In the above example, our N = 0 and N = 1 expansions both generated good estimates of the critical range-shift speed. Our kernel, moreover, were sufficiently simple that we could easily solve for c  ∗ .   For many kernels, unfortunately, it is much harder to solve for c  ∗ .

For sufficiently smooth kernels, we will therefore expand the kernel \(k(x + c - y)\) in a Taylor series in c  ∗  − y. If the kernel is locally quadratic, we can then keep the first three terms in our Taylor series and approximate c  ∗  using the quadratic formula. We illustrate the procedure for N = 0. This procedure gives us a simple formula for c  ∗  that should be accurate for small critical speeds.

For N = 0,

$$\lambda \:\: \approx \:\: \frac{R_{0}} {L} \displaystyle\int _{-L/2}^{L/2}\displaystyle\int _{ -L/2}^{L/2}k(x + c - y)\:dy\:dx\:.$$
(58)

Rewriting \(k(x + c - y)\) as a Taylor series about x yields

$$\lambda \:\: \approx \:\: \frac{R_{0}} {L} \:\displaystyle\sum _{n=0}^{\infty } \frac{1} {n!}\left [\displaystyle\int _{-L/2}^{L/2}\displaystyle\int _{ -L/2}^{L/2}{k}^{(n)}(x){(c - y)}^{n}\,dy\:dx\right ]\:.$$
(59)

If we keep the first three terms in the Taylor series and set λ = 1, we obtain

$$\displaystyle\begin{array}{rcl} 1\:\: \approx & \:\:R_{0}\displaystyle\int _{-L/2}^{L/2}k(x)\,dx + \frac{R_{0}} {L} \displaystyle\int _{-L/2}^{L/2}{k}^{\:{\prime}}(x)\,dx\left [\displaystyle\int _{ -L/2}^{L/2}({c}^{{\ast}}- y)dy\right ]& \\ & +\frac{R_{0}} {L} \displaystyle\int _{-L/2}^{L/2}{k}^{\:{\prime\prime}}(x)\,dx\left [\frac{1} {2}\displaystyle\int _{-L/2}^{L/2}{({c}^{{\ast}}- y)}^{2}\,dy\right ]. &\end{array}$$
(60)

After calculating the integrals in y, we obtain the quadratic equation (in c  ∗ )
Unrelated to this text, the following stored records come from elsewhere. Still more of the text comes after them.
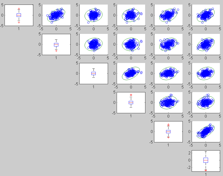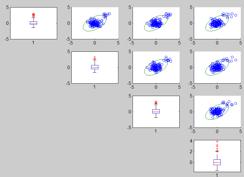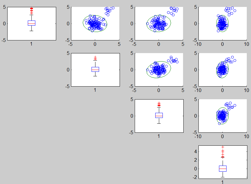 The code below generates the contaminated data and produces confidence ellipses for pair of variables.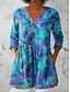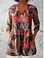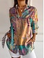 Kvinnors Blus V-Hals Lager Volang Ärme Toppar Blommig Grafisk Bohemisk Vintage Dags 3/4 Längd Ärme Vanliga Toppar Dagssemester Semesterkläder Tryck Rosa Röd Blå Himelsblå Orange Sommar Vår Höst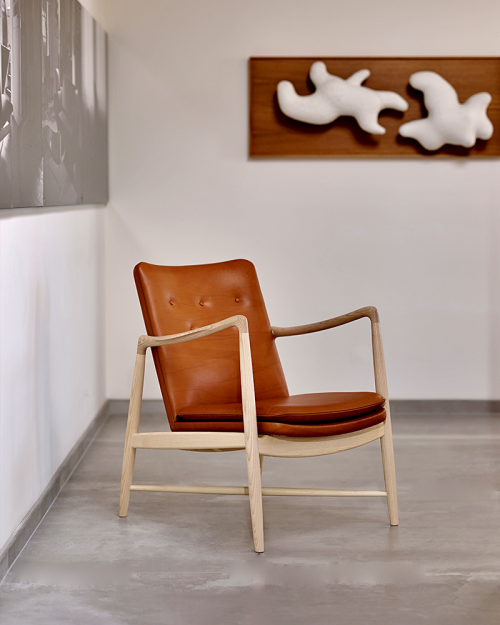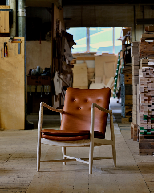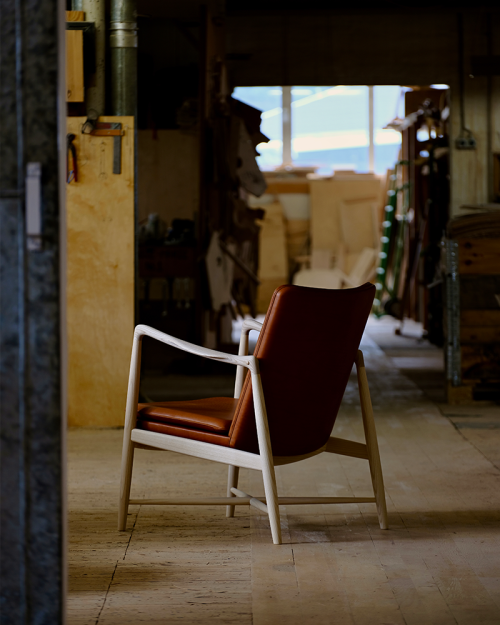 Kaminstolens design og komfort gør den til en ægte Finn Juhl-klassiker. Stolen lanceres i FSC certificeret ask og læder, men vil også kunne fås i eg og valnød med en række forskellige polstringer - kontakt os for mere info.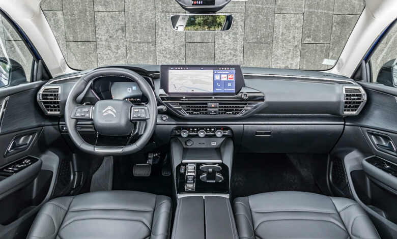 Od centralnog ekrana dimenzija 12 inča (10 za najslabiji završni nivo), s potpuno novim interfejsom, pa do instrument table, pogodili ste, opet s grafikom manjeg C4. Za uzvrat imamo retko bogat, pregledan i velik projektor informacija na vetrobransko staklo od 21 inča (Head-up). Ne očekujte dakle enterijer orginalan kao spoljašnjost, po svemu sudeći moralo se štedeti… Naprotiv, praktični aspekt i raspoloživ prostor su za svaku pohvalu, jednom za upravljačem odmah je jasno da smo u vozilu izdašnih dimenzija.

$$\alpha {c}^{{\ast}2} + 2\beta {c}^{{\ast}} + \gamma + \frac{{L}^{2}\alpha } {12} - \frac{1} {R_{0}} \approx 0\:,$$
(61)

where

$$\alpha = \frac{1} {2}\left [{k}^{\:{\prime}}\left (\frac{L} {2} \right ) - {k}^{\:{\prime}}\left (-\frac{L} {2} \right )\right ],\qquad \beta = \frac{1} {2}\left [k\left (\frac{L} {2} \right ) - k\left (-\frac{L} {2} \right )\right ],$$
(62)

and

$$\gamma =\displaystyle\int _{ -\frac{L} {2} }^{ \frac{L} {2} }k(x)\:dx\;.$$
(63)

We can now use the quadratic formula to solve for the critical speed

$${c}^{{\ast}}\approx -\frac{\beta } {\alpha } \pm \frac{1} {\alpha }\sqrt{{\beta }^{2 } - \alpha (\gamma + {L}^{2 } \alpha /12 - 1/R_{0 } )}\;.$$
(64)

The coefficient β of the linear term in quadratic equation (61) vanishes when the kernel k(x) is symmetric. Indeed, for symmetric kernels,

$$k\left (\frac{L} {2} \right ) = k\left (-\frac{L} {2} \right ),\qquad \text{and}\qquad {k}^{\:{\prime}}\left (\frac{L} {2} \right ) = -{k}^{\:{\prime}}\left (-\frac{L} {2} \right ).$$
(65)

Approximation (61) then reduces to

$$\alpha \:{c}^{{\ast}2} + \gamma + \frac{{L}^{2}\alpha } {12} - \frac{1} {R_{0}}\; \approx \; 0\;.$$
(66)

Solving for c  ∗ , we obtain the remarkably simple formula

$${c}^{{\ast}}\;\approx \;\pm \sqrt{ \frac{1} {R_{0}\alpha } -\frac{\gamma } {\alpha } -\frac{{L}^{2}} {12}} \;.$$
(67)

Thus, for symmetric kernels, our quadratic approximation preserves the symmetry of c  ∗  with respect to R 0.

8 Realistic Kernels

Let us now apply our numerical procedures and/or our analytical approximations to some realistic redistribution kernels. We will look at three well-known workhorses: the Gaussian, Laplace, and Cauchy distributions. In addition, we will look at modified Bessel kernel (3).

8.1 Gaussian Distribution

Let us first consider the Gaussian kernel

$$k(x) = \frac{1} {\sqrt{2\pi {\sigma }^{2}}}{e}^{-{x}^{2}/(2{\sigma }^{2}) }\;,$$
(68)

with standard deviation σ > 0. The Gaussian is the archetypal mesokurtic distribution; it has a special role in the theory of dispersal because of its strong connection to both the diffusion equation and the central limit theorem.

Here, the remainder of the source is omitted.